Pawrly sources expose data as tables (SELECT * FROM github.pulls). But many useful operations are call-shaped rather than table-shaped: a search endpoint parameterized by a query string, a lookup that takes an input, a glob over a pattern. Table-valued functions model these: named, reusable operations with ordered, typed arguments that return rows.
SELECT i.title, i.state
FROM github.search_issues('is:open label:bug', 50) AS i
WHERE i.state = 'open';Functions are either builtin (shipped with Pawrly) or declared in pawrly.yaml. A declared function is either attached to a source (inheriting its connection and auth) or standalone (with its own namespace, kind, and config).

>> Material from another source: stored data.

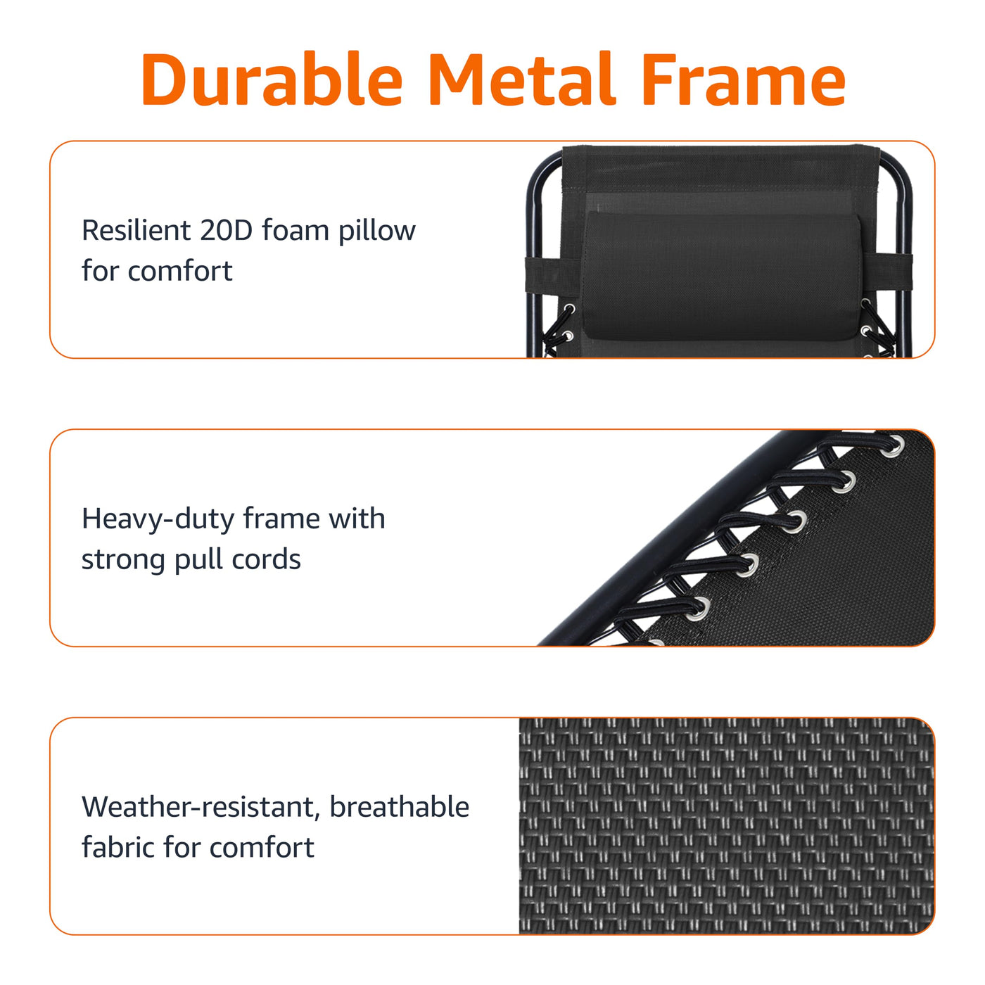 - Adjustable zero-gravity outdoor chair in Black offers a weightless feel for optimal relaxation
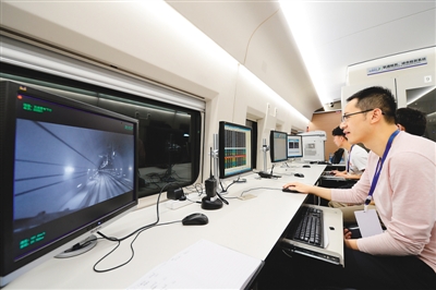 6月20日,西(安)成(都)高鐵陜西段聯(lián)調(diào)聯(lián)試正式啟動(dòng)。圖為當(dāng)高速綜合檢測(cè)列車穿越秦嶺時(shí),技術(shù)人員在監(jiān)測(cè)列車運(yùn)行數(shù)據(jù)。新華社記者 李一博攝
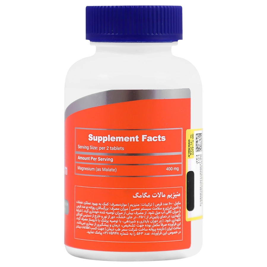 - منیزیم مالات مگامگ، حاوی 400 میلیگرم منیزیم به فرم منیزیم مالات به ازای 2 عدد قرص

Calling functions from SQL
-- simple call
SELECT * FROM github.search_issues('is:open label:bug', 50);
-- alias, join, post-filter (WHERE applies on top of the function result)
SELECT i.title
FROM github.search_issues('is:open', 100) AS i
JOIN github.pulls p ON p.number = i.number
WHERE i.user_login <> 'dependabot[bot]';
-- CTEs / subqueries / UNION branches all work
WITH hot AS (SELECT * FROM github.search_issues('label:p0', 20))
SELECT count(*) FROM hot;
-- builtin
SELECT file_name, size_bytes FROM file.glob('./data/*.parquet') ORDER BY 1;Rules:
- Positional arguments only, matched against the declared order. Trailing optional/defaulted arguments may be omitted.
- Arguments must be literals (strings, numbers, booleans, including negatives). Column references and expressions are rejected at plan time, a DataFusion constraint on table-function args. Use the CLI / MCP named-arg forms when you want name=value ergonomics.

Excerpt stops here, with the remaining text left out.